Dès le mois d’octobre 1947, les Dorset et Devon sont conduites à Montlhéry pour y faire des essais. Le chrono sur un tour donne 115 km/h et une consommation mesurée à 7.2 l aux 100 km/h à la vitesse moyenne de 60 km/h. Malgré ses performances réalisées à l’endurance sur l’’autodrome de Montlhéry, très peu d’Austin A40 seront vendues en France, en raison des droits de douane. A cette époque, une Peugeot 203 luxe valait 498 000 francs, une Simca 8-1200 valait 482 000 francs, une Citroën 15/Six valait 628 000 francs et l’Austin A40 : 695 000 francs !


 

Au mois de Mars 1948, une fourgonnette de 500 kg de charge utile apparaît avant d’être rejointe en septembre par la version ‘Countryman’ et le Pick-up. La version tôlée sera produite à 78 242 exemplaires, le Pick-up 61 818 et la ‘Countryman’ 26 587 exemplaires toutes les trois  jusqu’en mars 1957.

 

 

En octobre 1949, la Dorset deux portes, qui n’a pas réussi à séduire, se retire après moins de 16 000 exemplaires produits. La gamme évolue à l’automne 1950 avec la présentation de l’Austin A40 Sport au Salon de Londres. Ce cabriolet deux places, destiné au tourisme et non à la compétition, a été dessiné par Eric Neale et conçue par Jensen. Il ne diffère en rien mécaniquement de la Devon et poursuivra sa carrière jusqu’en juin 1953 après une production honorable de 4 011 exemplaires dont 2 753 partis à l’exportation.

 

 

La Devon tire sa révérence en février 1952 après une carrière bien remplie. 344 000 unités, toutes carrosseries confondues, ont été produites dont 265 000 pour l’exportation. 

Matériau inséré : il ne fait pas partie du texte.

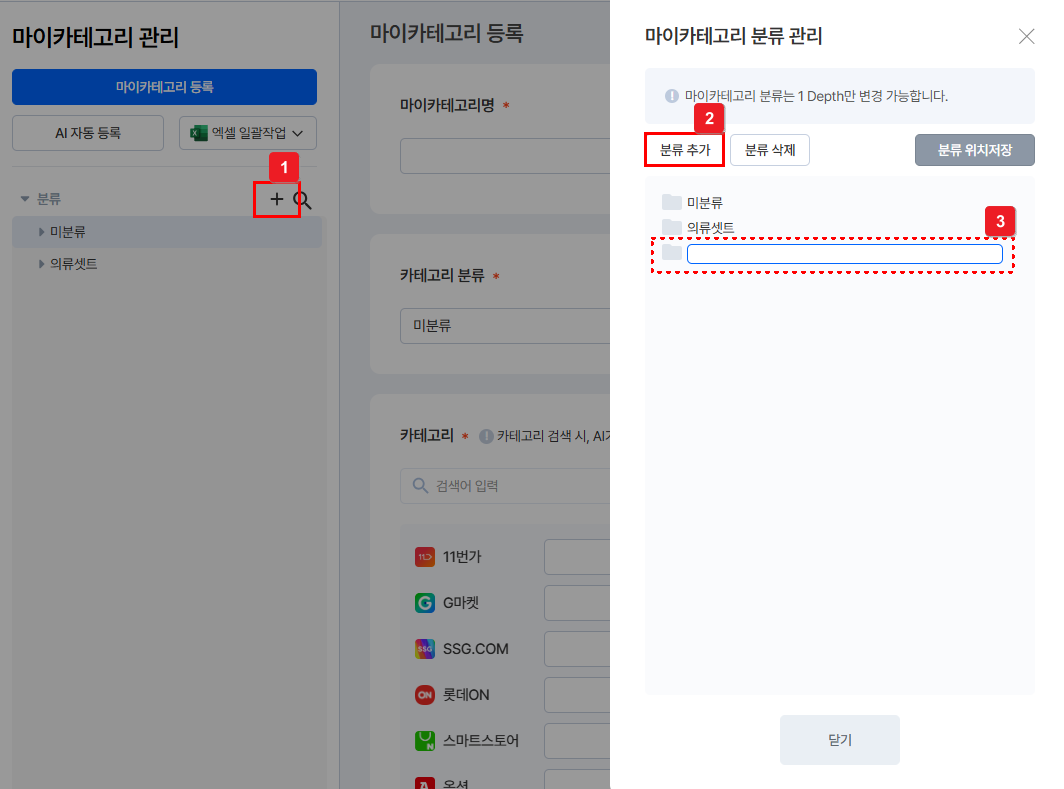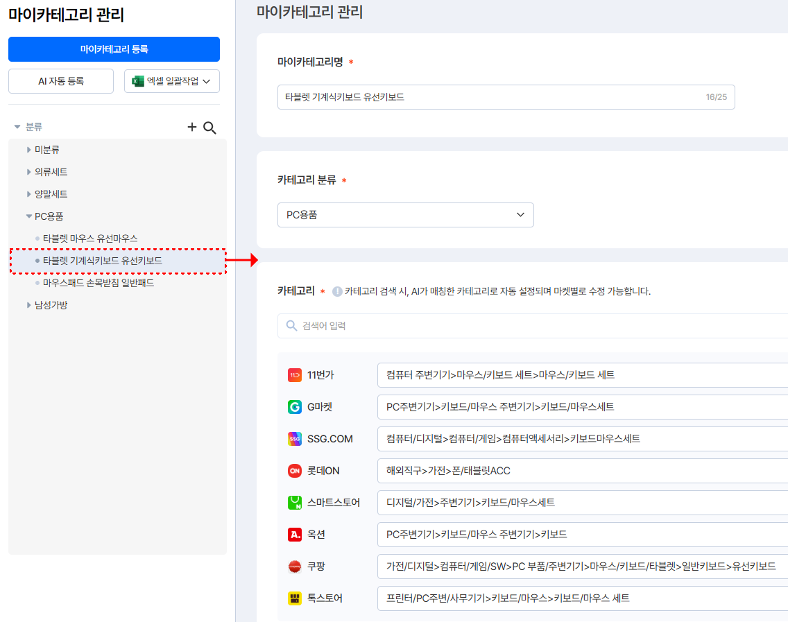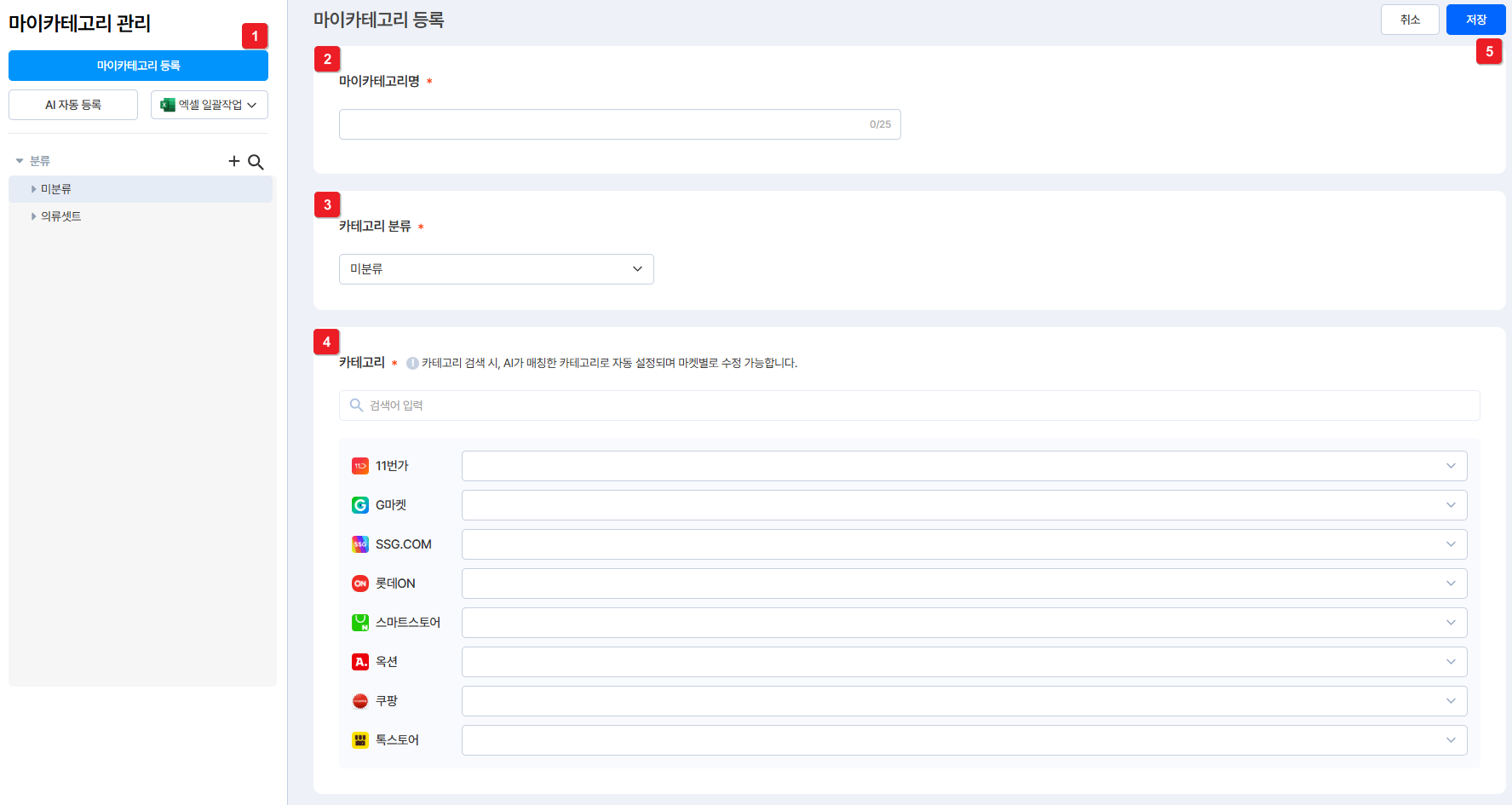 ④ 해당 마이카테고리가 실제 마켓에 등록되는 마켓별 카테고리를 설정할 수 있어요.

Austin A40 Somerset (1952-1954)

En février 1952, est présentée la remplaçante de la Devon au Salon d’Amsterdam, la Somerset, dont le dessin se rallie à la tendance contemporaine du style ‘ponton’. Ses lignes bulbeuses sont l’œuvre de l’équipe de Dirk Burzi. Le châssis et les organes mécaniques sont identiques à peu de choses près à ceux de la Devon. La berline est par la suite rejointe par un cabriolet à quatre places, sorti des ateliers Carbodies, dont la capote fonctionne suivant le système trois positions, avec une phase intermédiaire qui permet de ne découvrir que les places avant.


 

La Somerset participe à la conquête du marché japonais suite à des accords signés avec Nissan pour son assemblage dans l’usine de Yokohama. La carrière de la Somerset sera courte car déjà remplacée par la Cambridge à l’automne 1954. La dernière Somerset quittera la chaîne de montage de Longbridge le 4 octobre après une production de 166 063 berlines et 7 243 cabriolets.